PROBLEM STATEMENT:
The reply should hold only the lines from the one with "прозрачный полиэтиленовый пакет;" to the one with "acceptable to sell?'", both ends kept, exactly as they appear below, without any pictures.

INFORMATION PROVIDED:

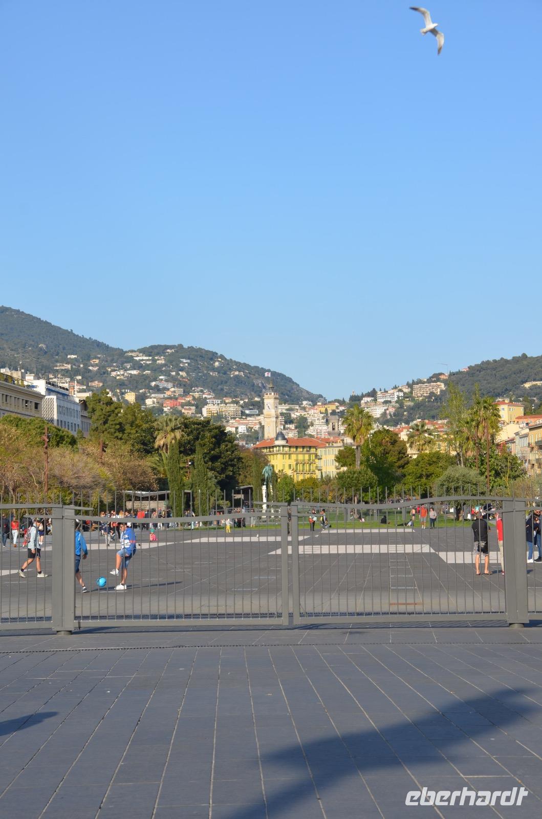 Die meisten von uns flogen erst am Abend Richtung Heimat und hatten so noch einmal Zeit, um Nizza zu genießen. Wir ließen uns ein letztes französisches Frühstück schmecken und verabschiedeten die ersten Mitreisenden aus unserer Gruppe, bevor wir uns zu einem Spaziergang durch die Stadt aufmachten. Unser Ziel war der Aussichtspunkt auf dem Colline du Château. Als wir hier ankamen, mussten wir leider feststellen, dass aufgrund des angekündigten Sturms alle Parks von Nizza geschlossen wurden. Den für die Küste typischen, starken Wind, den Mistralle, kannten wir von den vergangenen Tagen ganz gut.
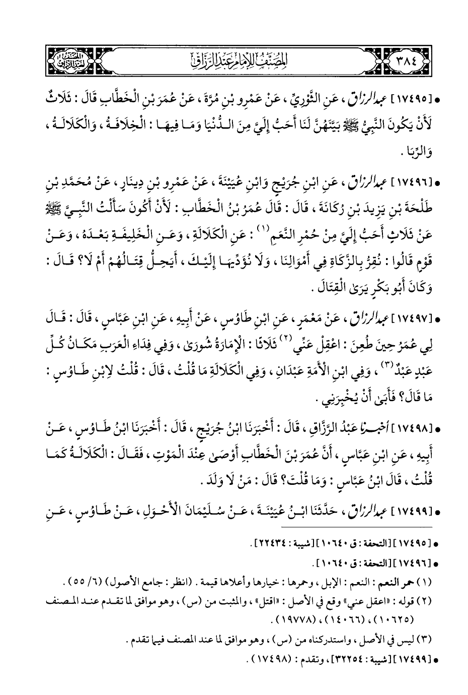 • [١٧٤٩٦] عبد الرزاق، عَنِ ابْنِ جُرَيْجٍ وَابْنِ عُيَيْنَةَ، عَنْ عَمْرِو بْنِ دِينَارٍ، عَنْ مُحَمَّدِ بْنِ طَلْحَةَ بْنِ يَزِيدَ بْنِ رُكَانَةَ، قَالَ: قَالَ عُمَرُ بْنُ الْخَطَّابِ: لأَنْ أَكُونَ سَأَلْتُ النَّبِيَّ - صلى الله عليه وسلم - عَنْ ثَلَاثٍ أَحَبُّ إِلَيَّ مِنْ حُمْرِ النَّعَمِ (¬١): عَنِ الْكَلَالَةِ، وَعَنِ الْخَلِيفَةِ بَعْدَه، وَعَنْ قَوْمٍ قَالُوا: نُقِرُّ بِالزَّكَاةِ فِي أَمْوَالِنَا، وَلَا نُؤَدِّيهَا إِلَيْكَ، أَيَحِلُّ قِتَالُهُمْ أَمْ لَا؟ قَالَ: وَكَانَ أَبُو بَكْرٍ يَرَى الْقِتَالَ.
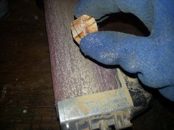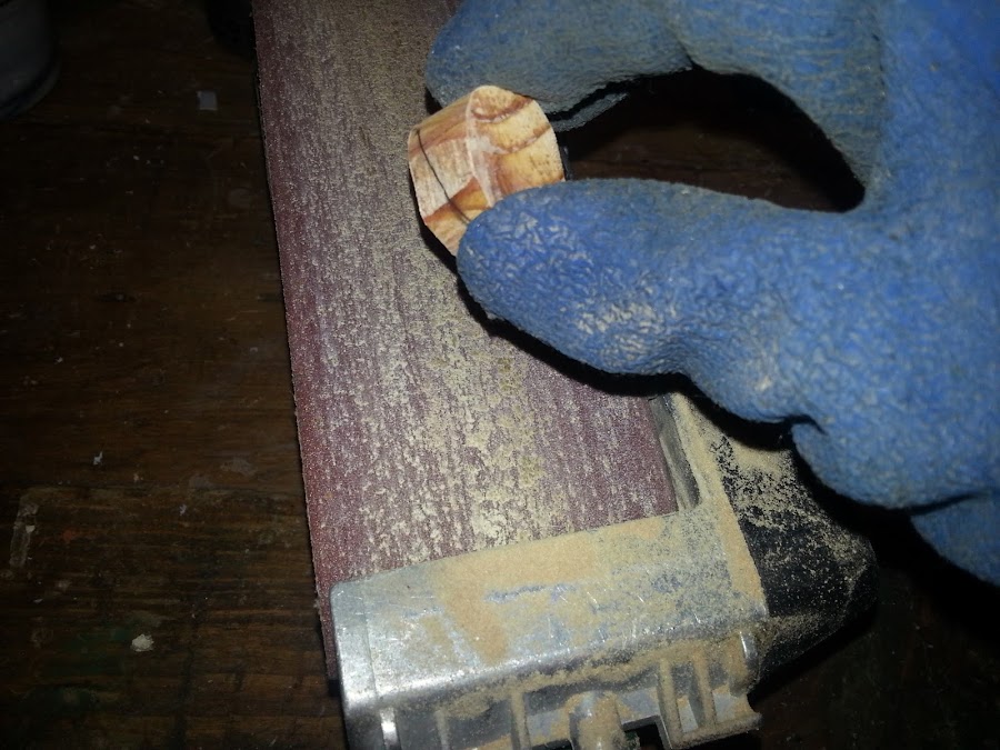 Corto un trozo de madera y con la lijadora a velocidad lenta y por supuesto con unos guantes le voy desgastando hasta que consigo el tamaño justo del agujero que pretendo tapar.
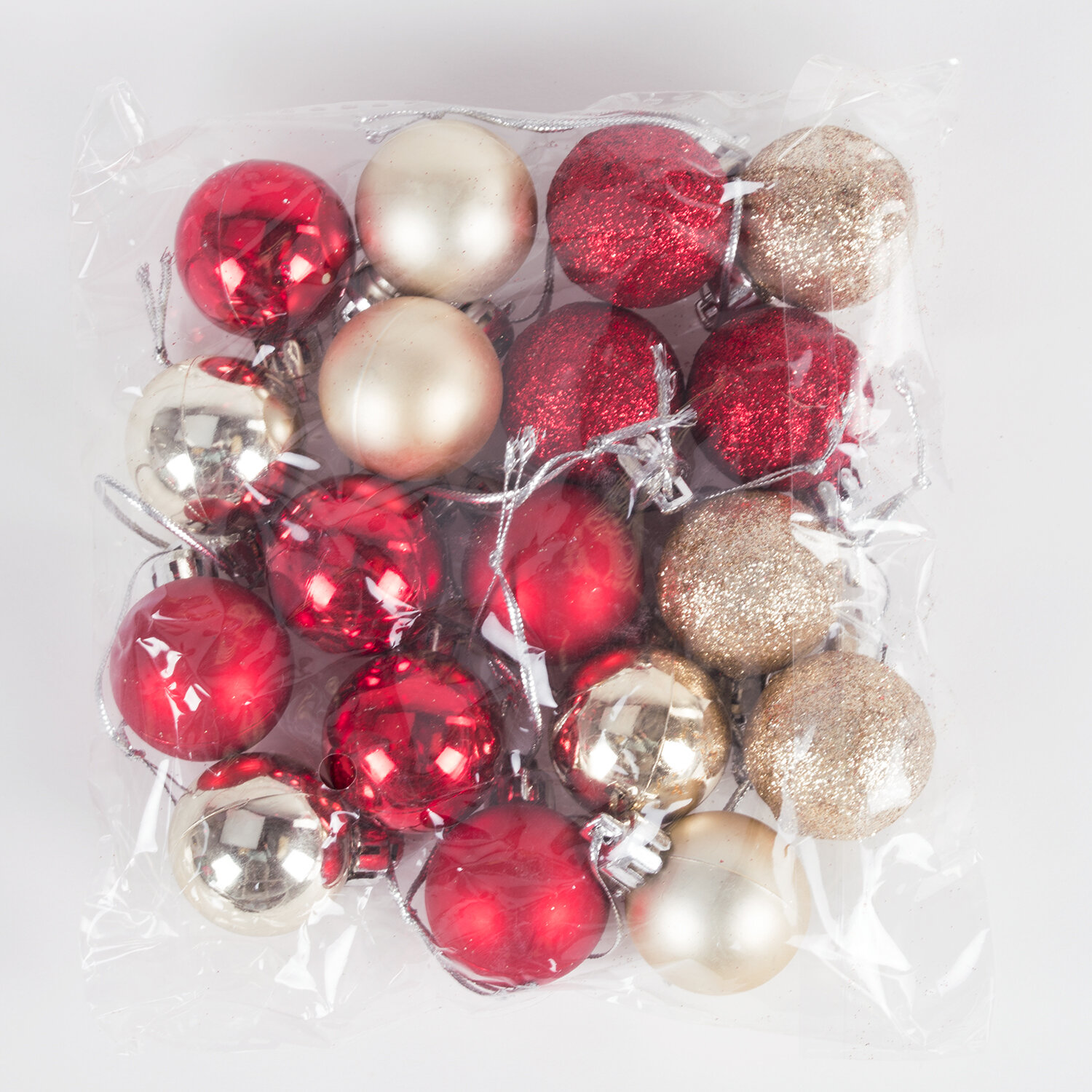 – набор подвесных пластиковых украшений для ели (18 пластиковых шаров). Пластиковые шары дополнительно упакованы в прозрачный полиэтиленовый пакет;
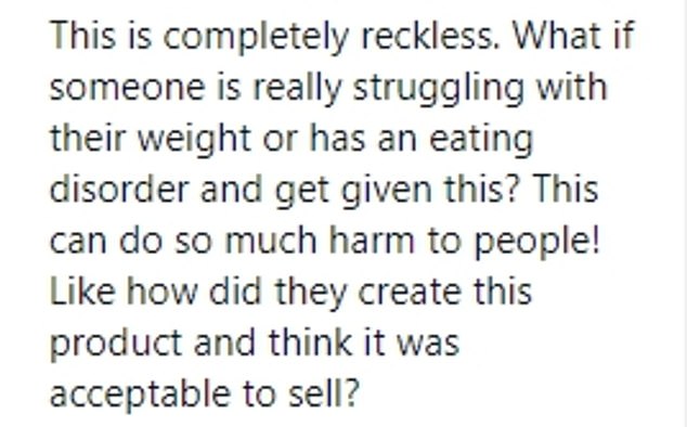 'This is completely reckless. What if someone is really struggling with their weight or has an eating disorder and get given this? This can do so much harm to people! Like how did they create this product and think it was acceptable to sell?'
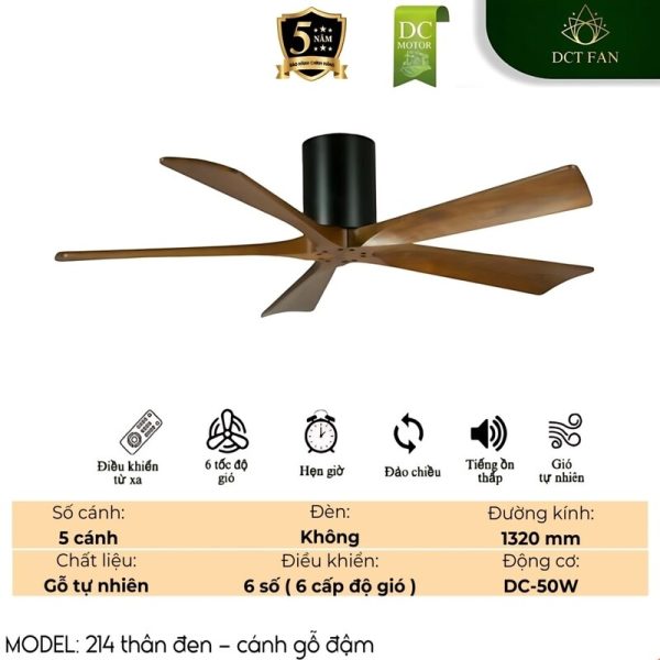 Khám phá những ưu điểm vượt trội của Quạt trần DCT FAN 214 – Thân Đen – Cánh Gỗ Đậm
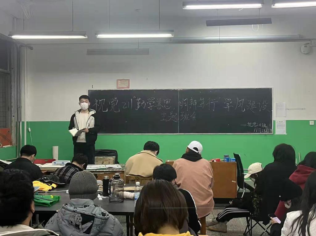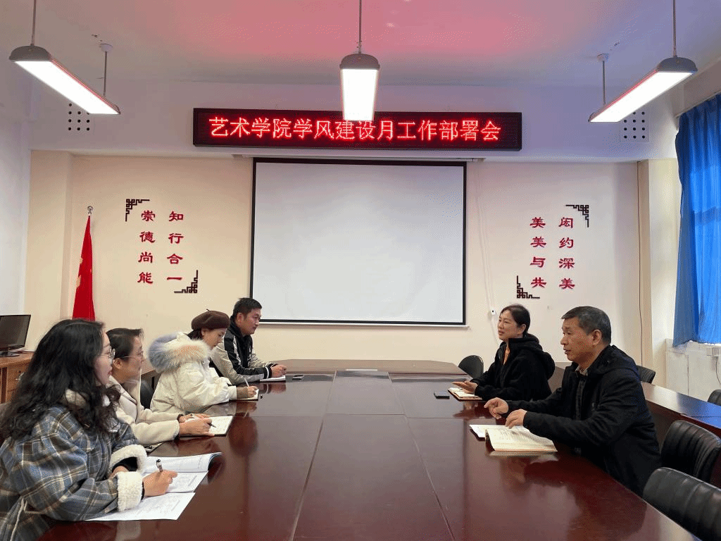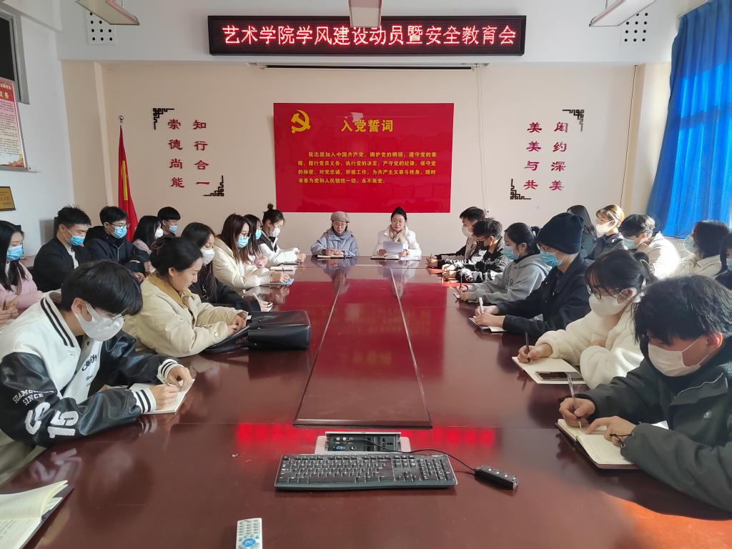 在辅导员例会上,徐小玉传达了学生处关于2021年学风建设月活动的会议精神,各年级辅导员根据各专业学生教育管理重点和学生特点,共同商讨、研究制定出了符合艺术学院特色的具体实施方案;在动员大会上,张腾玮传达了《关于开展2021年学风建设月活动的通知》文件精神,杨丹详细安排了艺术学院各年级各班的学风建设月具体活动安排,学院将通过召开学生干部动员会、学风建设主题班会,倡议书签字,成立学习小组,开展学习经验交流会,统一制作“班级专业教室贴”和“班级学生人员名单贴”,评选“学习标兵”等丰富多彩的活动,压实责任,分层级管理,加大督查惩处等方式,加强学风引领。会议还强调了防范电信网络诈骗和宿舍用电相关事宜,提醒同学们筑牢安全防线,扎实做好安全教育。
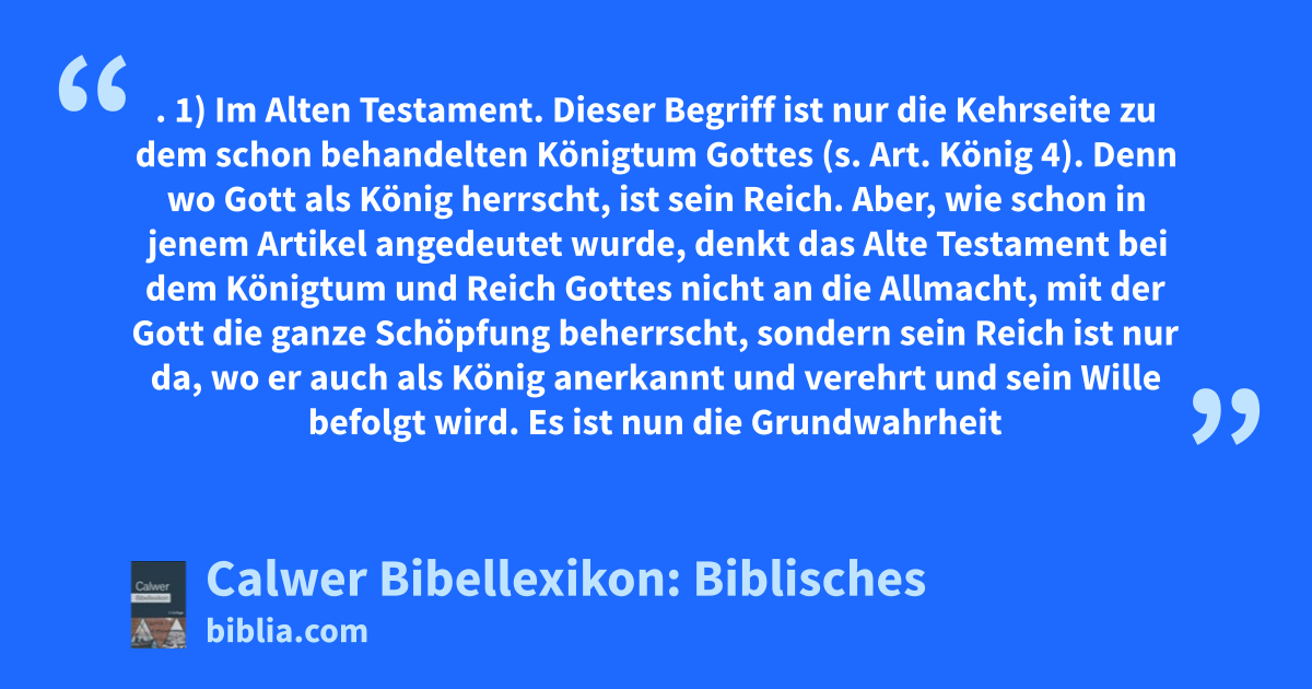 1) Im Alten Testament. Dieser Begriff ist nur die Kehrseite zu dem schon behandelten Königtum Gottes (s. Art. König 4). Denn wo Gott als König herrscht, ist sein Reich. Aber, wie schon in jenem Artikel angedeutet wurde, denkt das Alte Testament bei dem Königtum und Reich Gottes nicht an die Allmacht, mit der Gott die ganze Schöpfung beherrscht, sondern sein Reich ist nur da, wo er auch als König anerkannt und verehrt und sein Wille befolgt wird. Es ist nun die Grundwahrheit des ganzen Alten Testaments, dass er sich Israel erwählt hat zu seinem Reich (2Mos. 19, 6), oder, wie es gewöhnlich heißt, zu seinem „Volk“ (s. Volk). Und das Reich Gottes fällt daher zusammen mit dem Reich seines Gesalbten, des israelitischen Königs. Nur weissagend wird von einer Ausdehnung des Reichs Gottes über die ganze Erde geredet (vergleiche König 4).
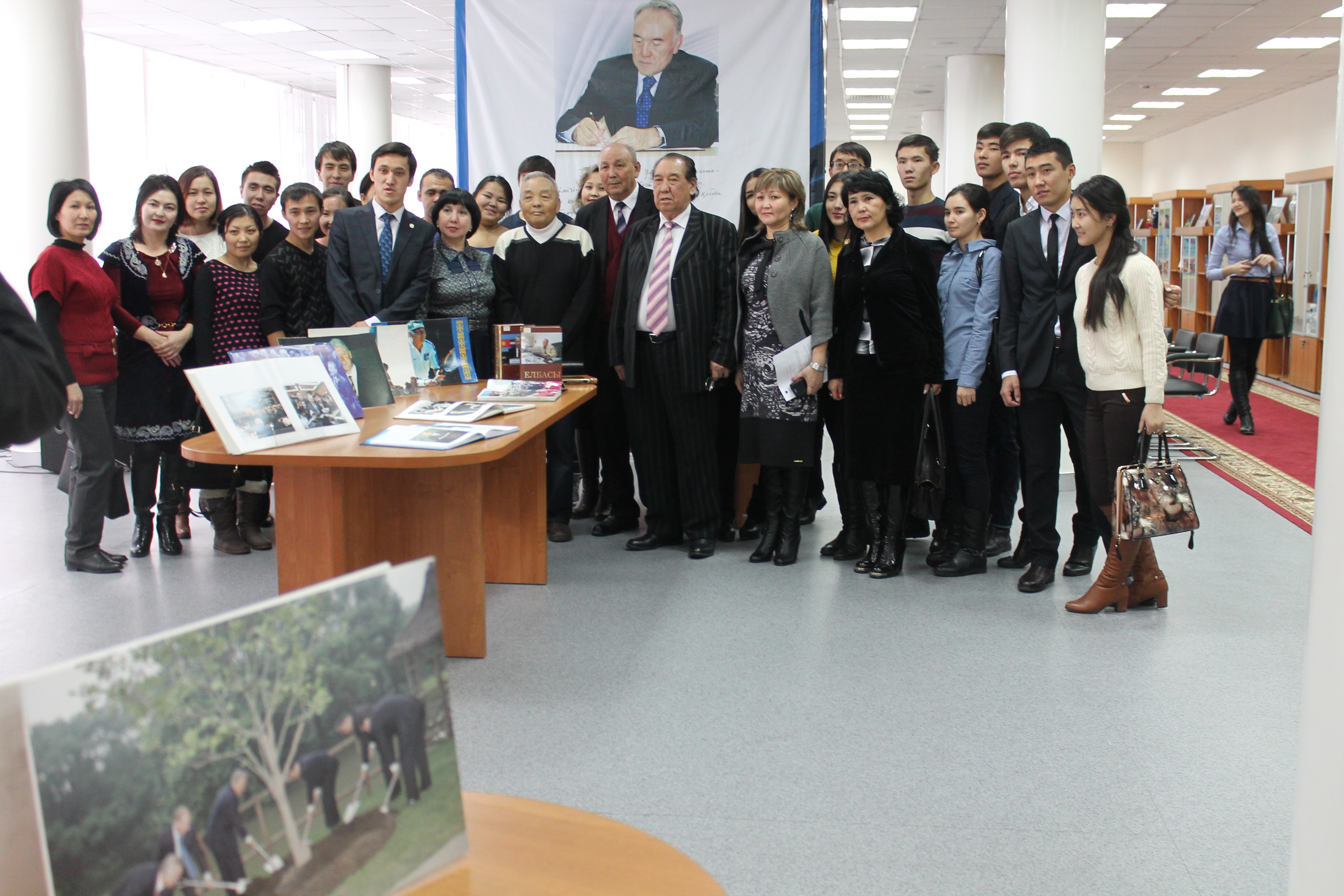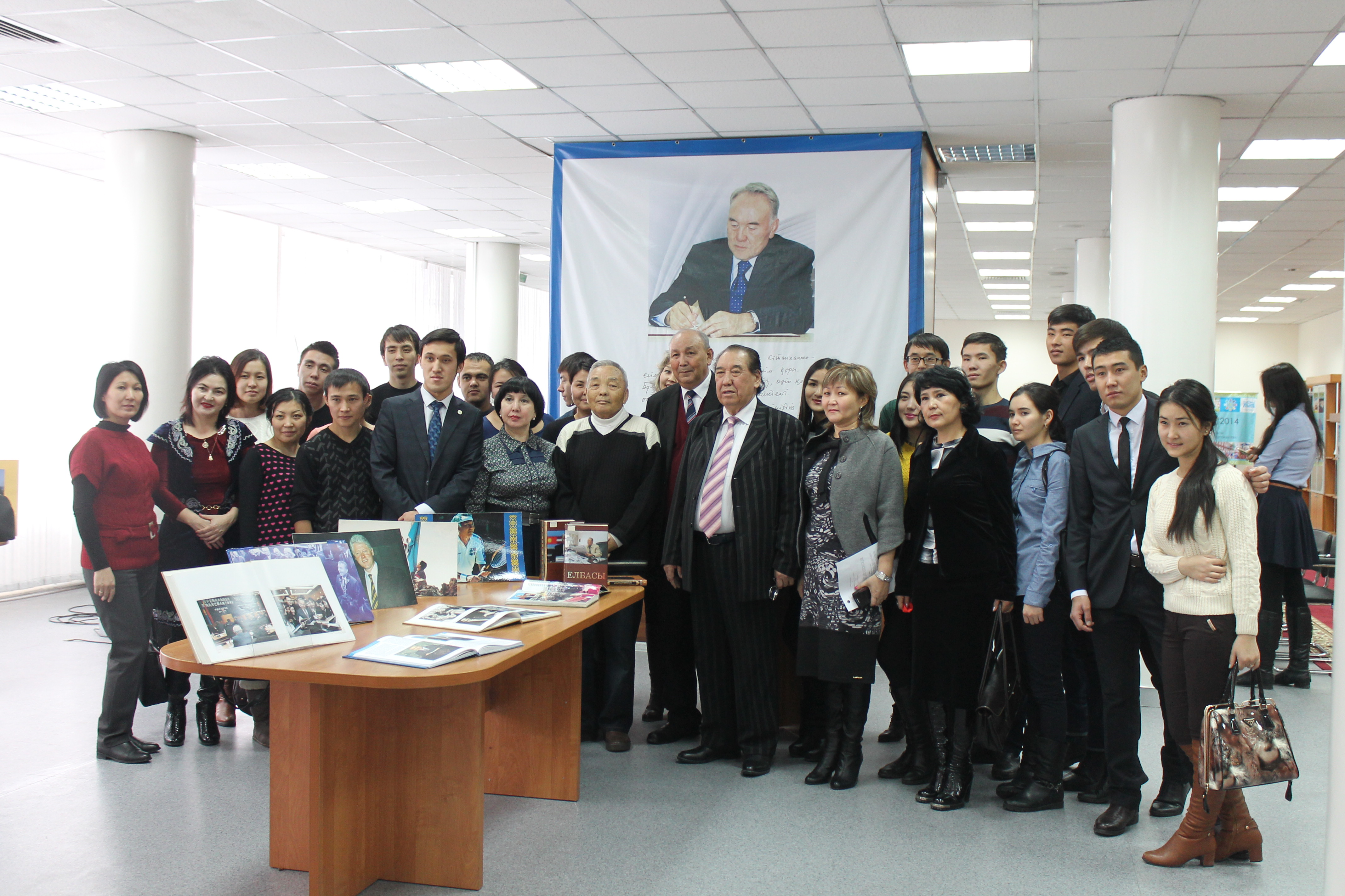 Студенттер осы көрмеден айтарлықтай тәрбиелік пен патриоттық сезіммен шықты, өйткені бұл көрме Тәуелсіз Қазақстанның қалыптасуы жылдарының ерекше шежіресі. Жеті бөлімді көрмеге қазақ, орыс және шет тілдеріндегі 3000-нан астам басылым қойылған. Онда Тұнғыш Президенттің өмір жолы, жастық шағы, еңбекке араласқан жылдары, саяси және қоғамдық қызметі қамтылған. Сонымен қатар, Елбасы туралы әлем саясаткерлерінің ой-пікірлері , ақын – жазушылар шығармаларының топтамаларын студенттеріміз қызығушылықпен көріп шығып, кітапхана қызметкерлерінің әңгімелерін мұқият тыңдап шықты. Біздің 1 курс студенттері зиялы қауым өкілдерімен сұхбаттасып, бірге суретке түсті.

RESULT BELOW:
 – набор подвесных пластиковых украшений для ели (18 пластиковых шаров). Пластиковые шары дополнительно упакованы в прозрачный полиэтиленовый пакет;
 'This is completely reckless. What if someone is really struggling with their weight or has an eating disorder and get given this? This can do so much harm to people! Like how did they create this product and think it was acceptable to sell?'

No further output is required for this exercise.